● **HOW TO COMPLETE THIS TASK**
Would you copy exactly the lines in the data below from the one that has "2日間約5時間の講座内で基礎知識とハンドトリートメントの実践等を学びます。" through the one that has "Let’s celebrate Chinese", dropping any pictures?

● **Stored data entries**
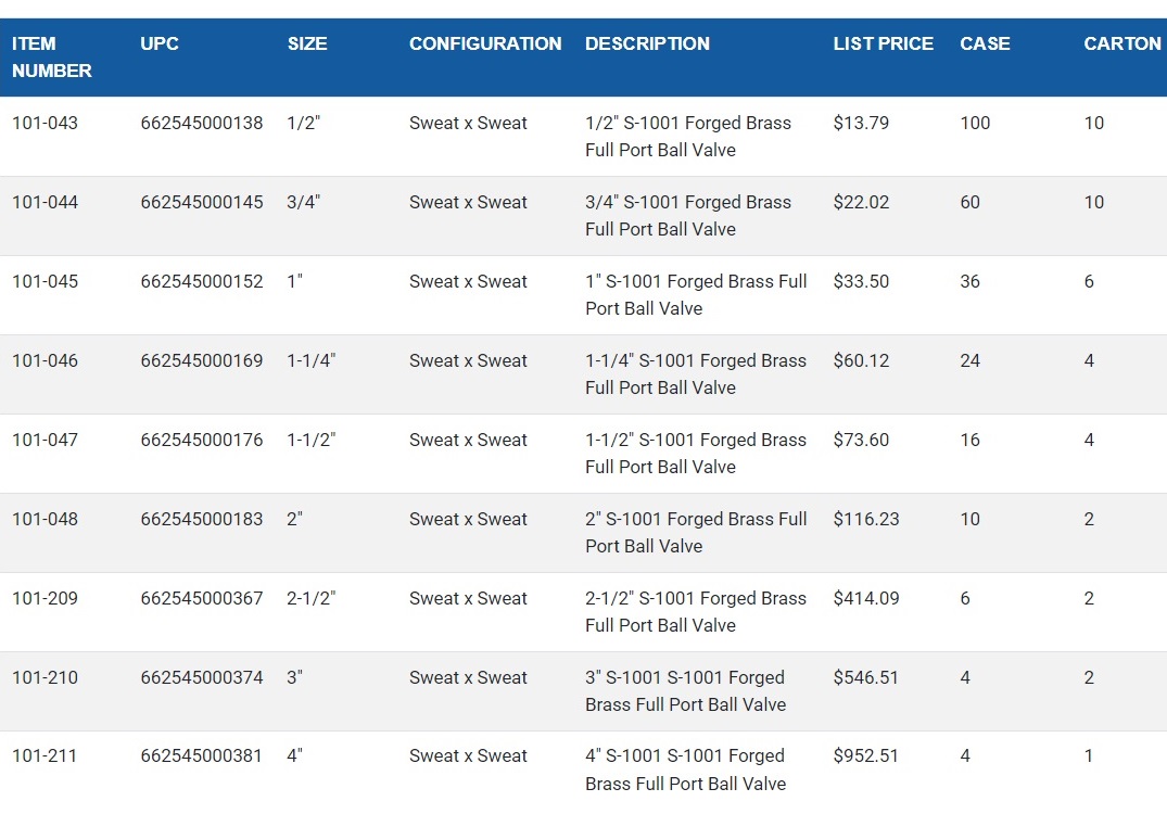 The S-1001 traditional alloy full port ball valve features a sweat end configuration and the Viton dual o-ring stem design complete with a tamper-evident locking seal. The Dyneon TFM PTFE seats reduce actuation torque, providing a smooth operating experience when paired with the self-cleaning chrome-plated ball. The S-1001NL also has a corrosion-resistant Dacromet-coated steel handle.
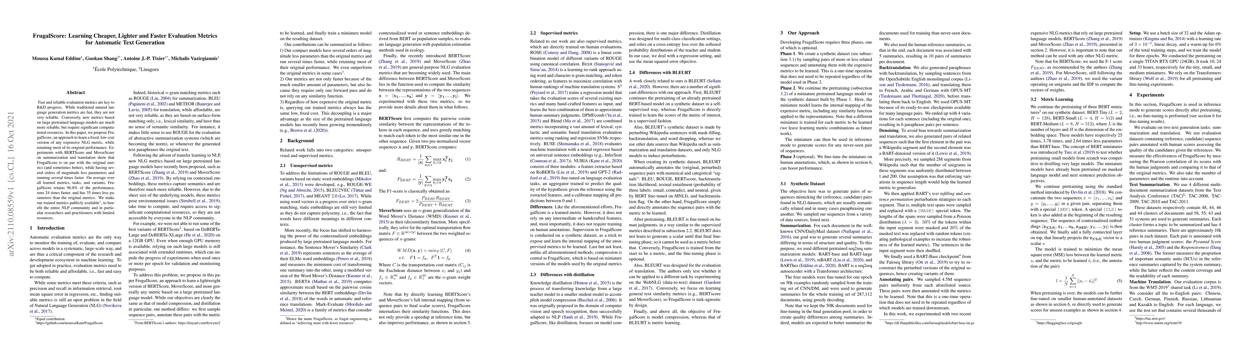 Fast and reliable evaluation metrics are key to R&D progress. While traditional natural language generation metrics are fast, they are not very reliable. Conversely, new metrics based on large pretrained language models are much more reliable, but require significant computational resources. In this paper, we propose FrugalScore, an approach to learn a fixed, low cost version of any expensive NLG metric, while retaining most of its original performance. Experiments with BERTScore and MoverScore on summarization and translation show that FrugalScore is on par with the original metrics (and sometimes better), while having several orders of magnitude less parameters and running several times faster. On average over all learned metrics, tasks, and variants, FrugalScore retains 96.8% of the performance, runs 24 times faster, and has 35 times less parameters than the original metrics. We make our trained metrics publicly available, to benefit the entire NLP community and in particular researchers and practitioners with limited resources.
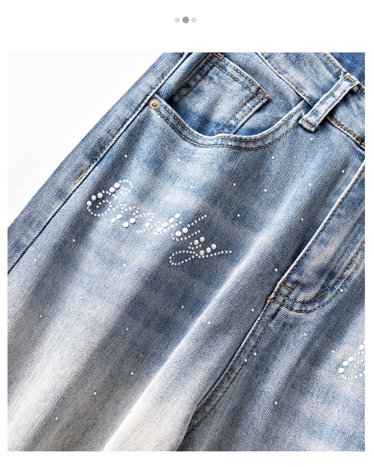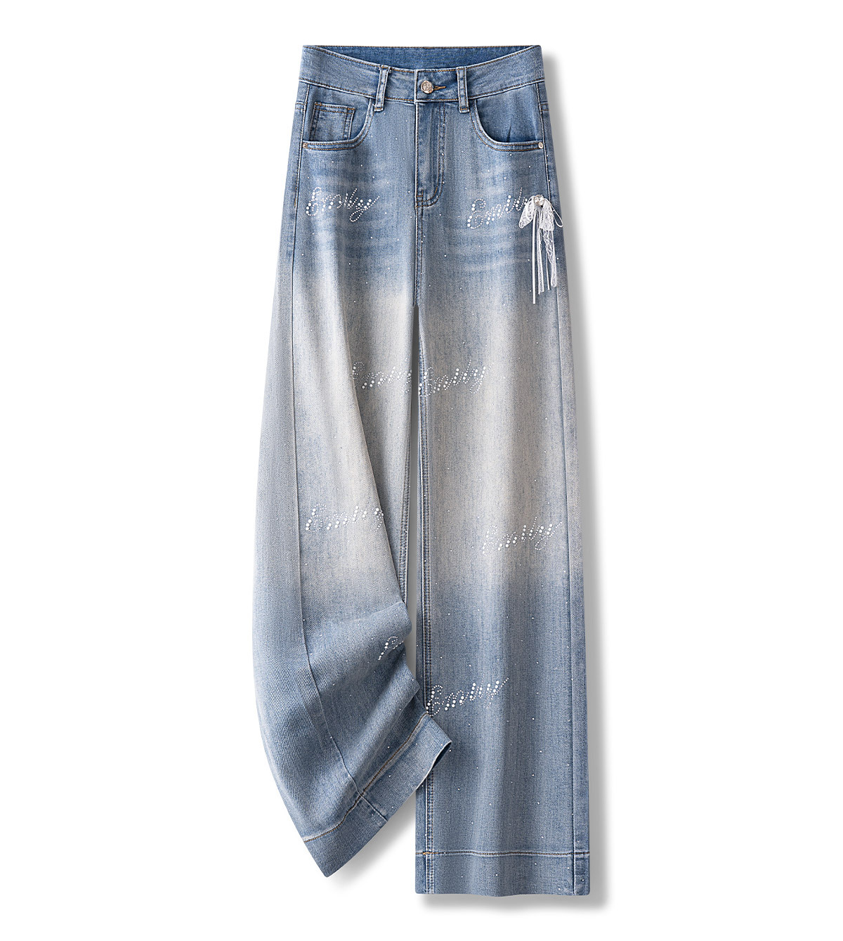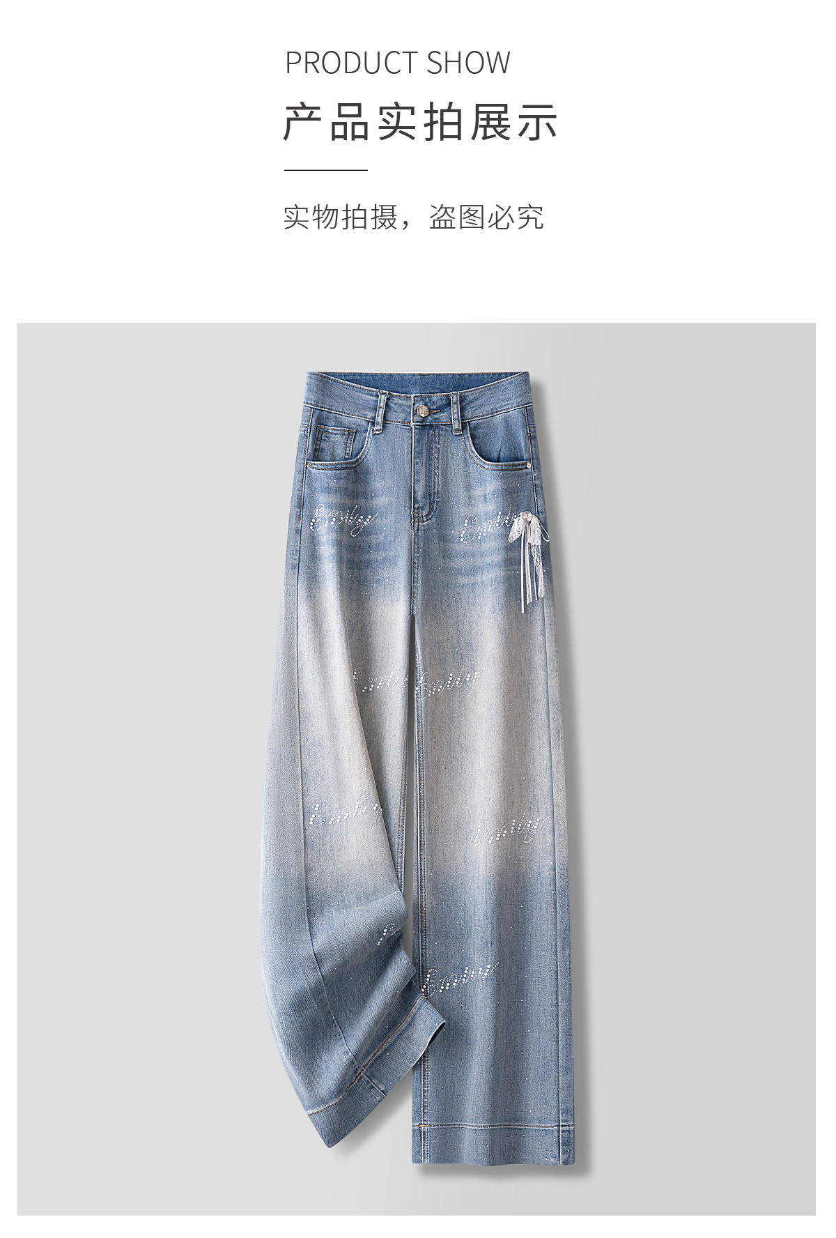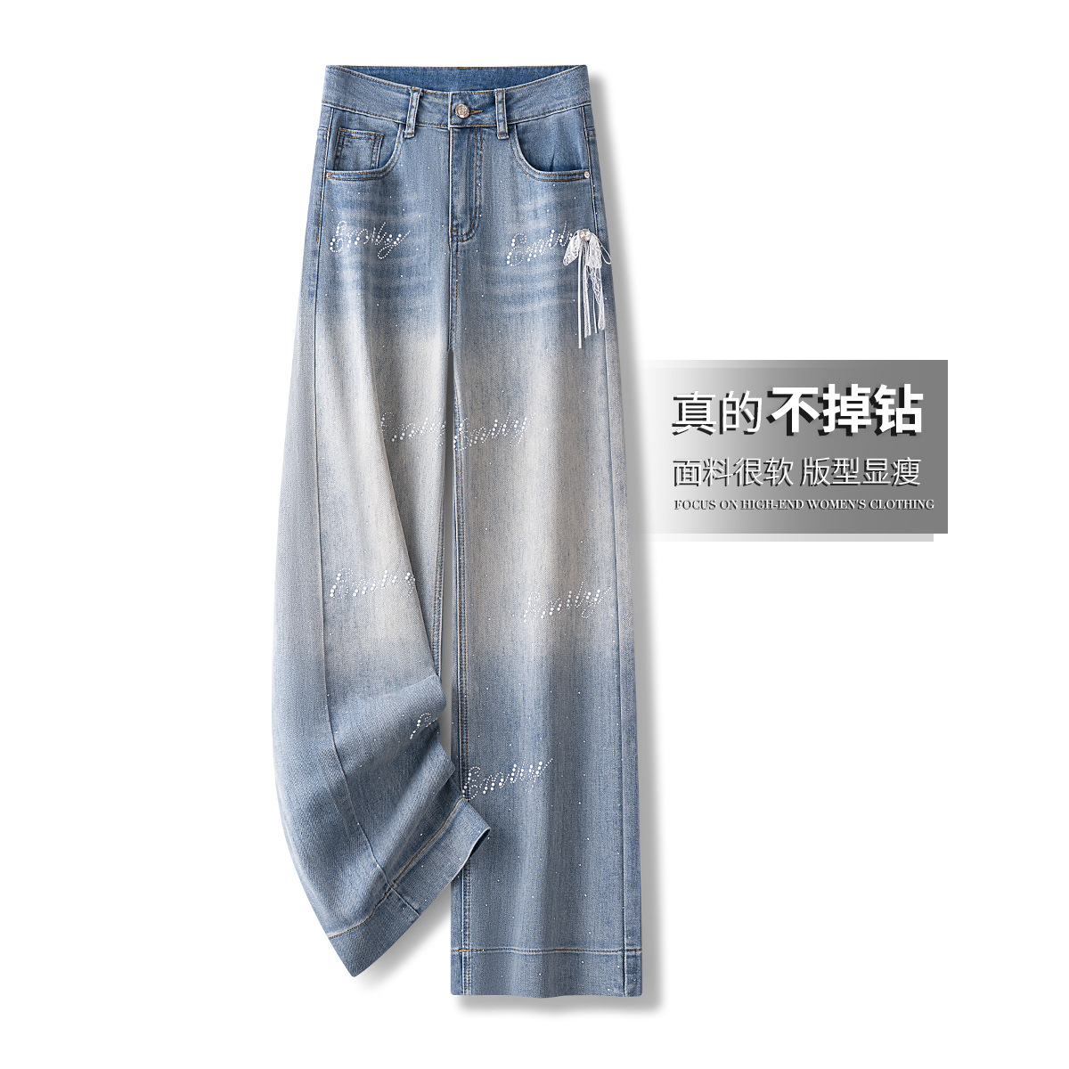 슈퍼 잘 생긴 넓은 다리 청바지 여성의 2025 새로운 여름 활 장식 디자인 센스 핫 드릴링 스트레이트 바지스토어 가기
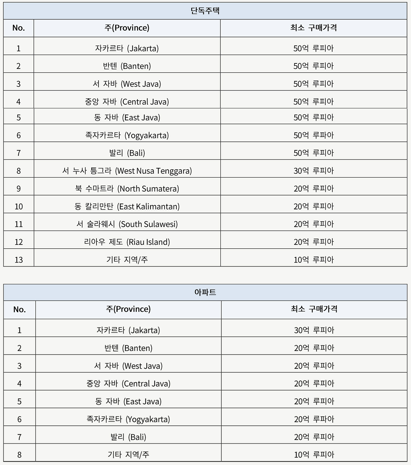 외국인이 구매 가능한 자카르타 소재 아파트의 경우 최소30억 루피아, 자카르타 소재 단독주택의 경우 최소 50억 루피아로 명시하고 있으며, 후속 시행규칙에서 규정하고 있는 기타 인도네시아 내 다른 주(Province)에 위치한 주거용 부동산의 최소 구매가격은 아래와 같습니다.
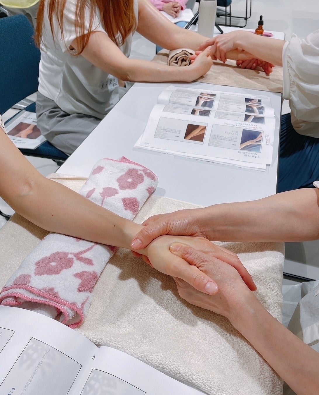 2日間約5時間の講座内で基礎知識とハンドトリートメントの実践等を学びます。
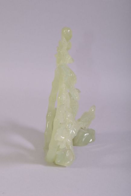 A CHINESE JADE CARVING OF PHEASANTS and blossoms, 16cm high, 17cm wide.
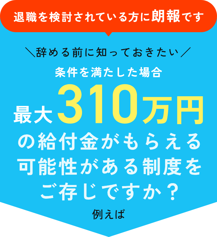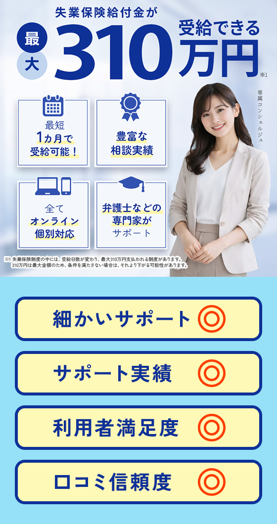条件を満たすことで、最大310万円の給付金を受け取れる可能性があり、手続きが順調に進めば、最短で1か月以内に給付が開始されるため、生活費や転職活動に必要な費用の心配をすぐに解消することができます。
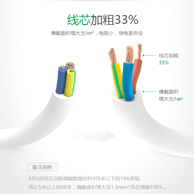 公牛基礎(chǔ)插線板GN-102線芯加粗,橫截面增大,阻力小,導(dǎo)電更安全。
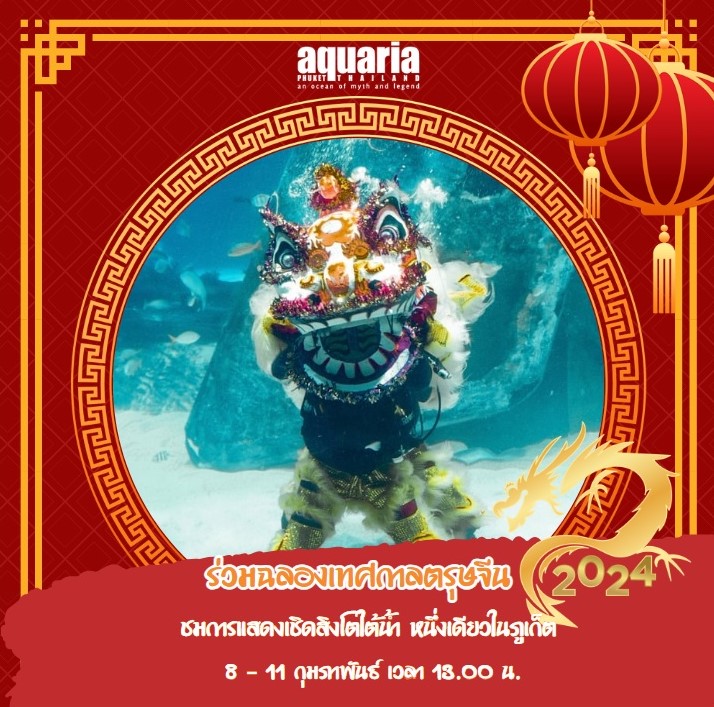 Let’s celebrate Chinese New Year at Aquaria Phuket with the year of good luck let’s enjoy with the first light lion dance underwater show in Phuket, Chinese New Year Parade and The God of wealth feeding 8 – 11 February 2024 Don’t miss it!!! Aquaria Phuket floor B1 Central Floresta
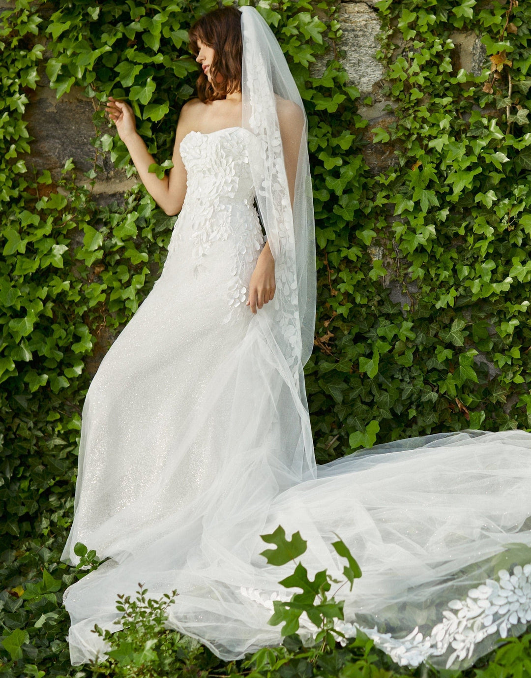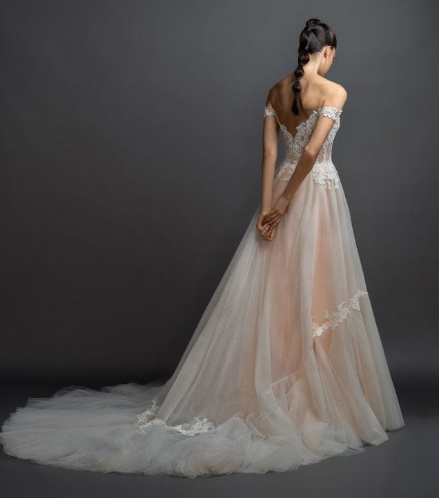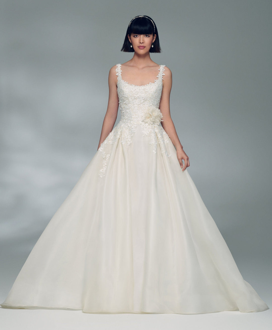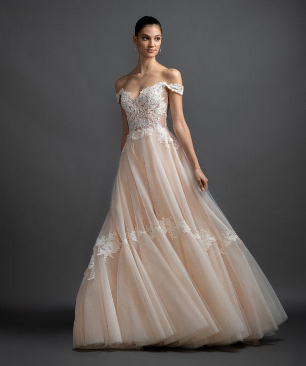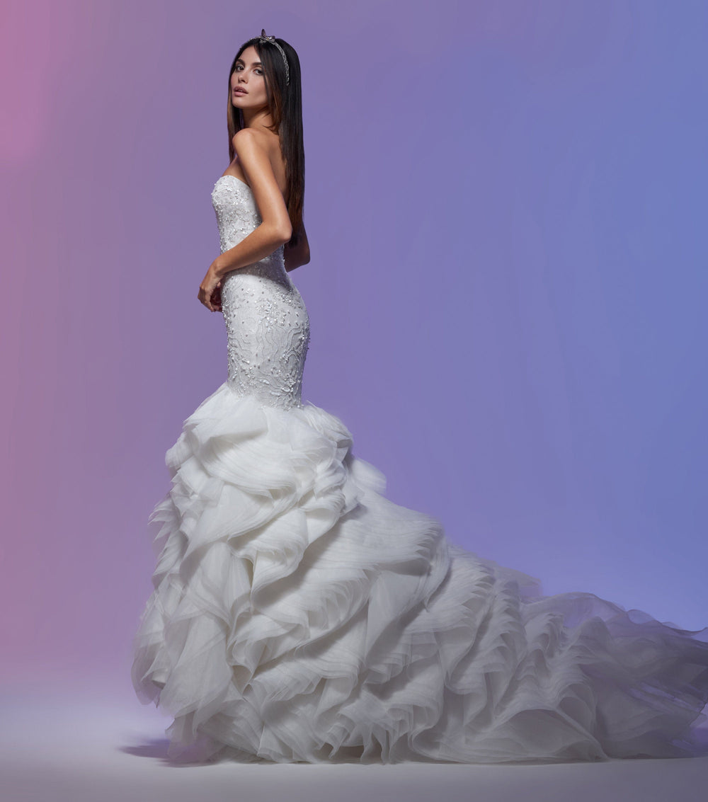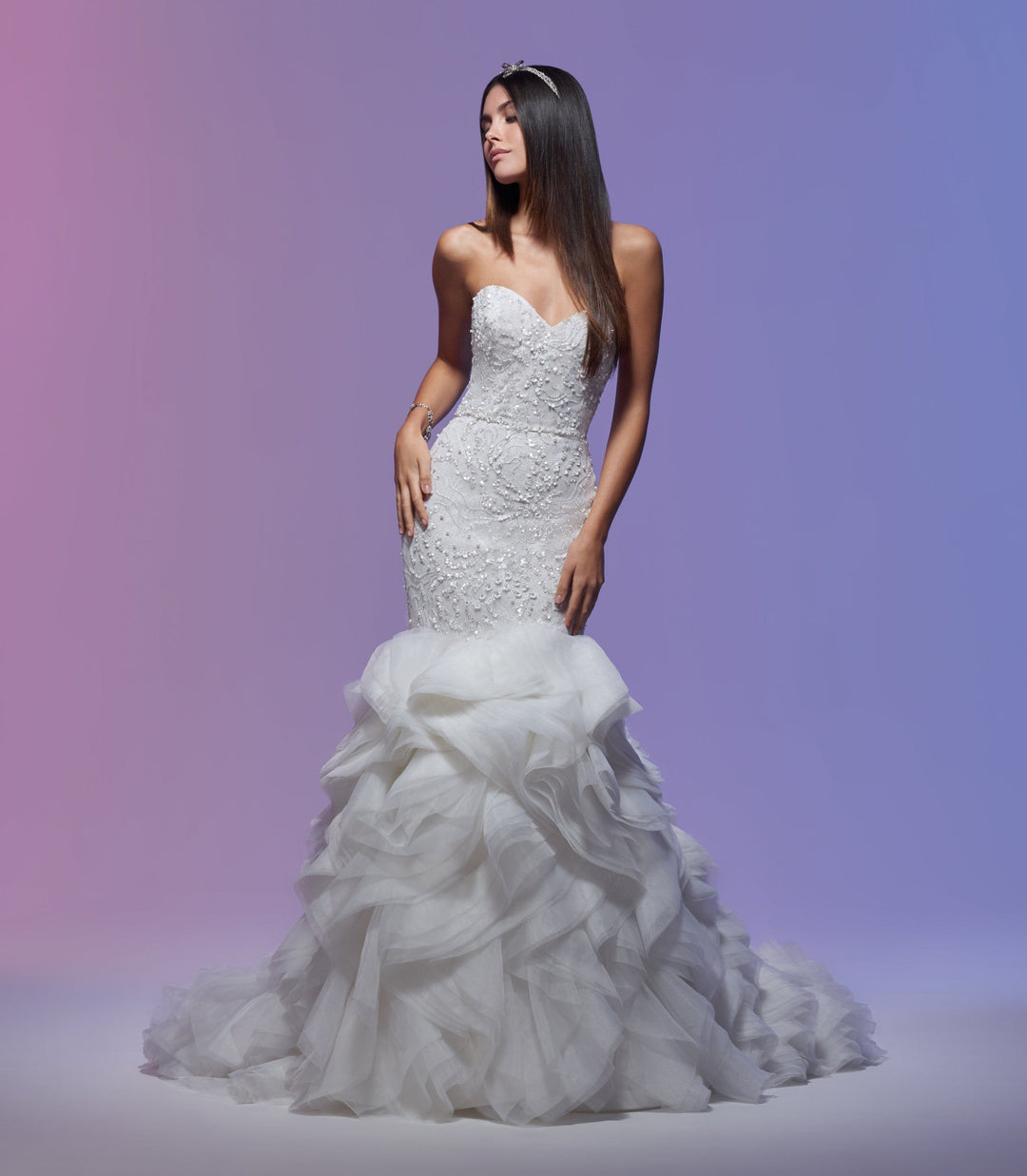 The Lazaro wedding dress collection spans an impressive range of silhouettes. Ball gowns create dramatic, fairytale moments with voluminous skirts and intricate detailing. Mermaid silhouettes offer a more sculpted approach, hugging curves and creating a sleek, sophisticated profile. A-line gowns flow ethereally, crafted from luxurious fabrics that shimmer and move with graceful movement.

● **TASK SOLUTION**
 2日間約5時間の講座内で基礎知識とハンドトリートメントの実践等を学びます。
 A CHINESE JADE CARVING OF PHEASANTS and blossoms, 16cm high, 17cm wide.
条件を満たすことで、最大310万円の給付金を受け取れる可能性があり、手続きが順調に進めば、最短で1か月以内に給付が開始されるため、生活費や転職活動に必要な費用の心配をすぐに解消することができます。
 公牛基礎(chǔ)插線板GN-102線芯加粗,橫截面增大,阻力小,導(dǎo)電更安全。
 Let’s celebrate Chinese New Year at Aquaria Phuket with the year of good luck let’s enjoy with the first light lion dance underwater show in Phuket, Chinese New Year Parade and The God of wealth feeding 8 – 11 February 2024 Don’t miss it!!! Aquaria Phuket floor B1 Central Floresta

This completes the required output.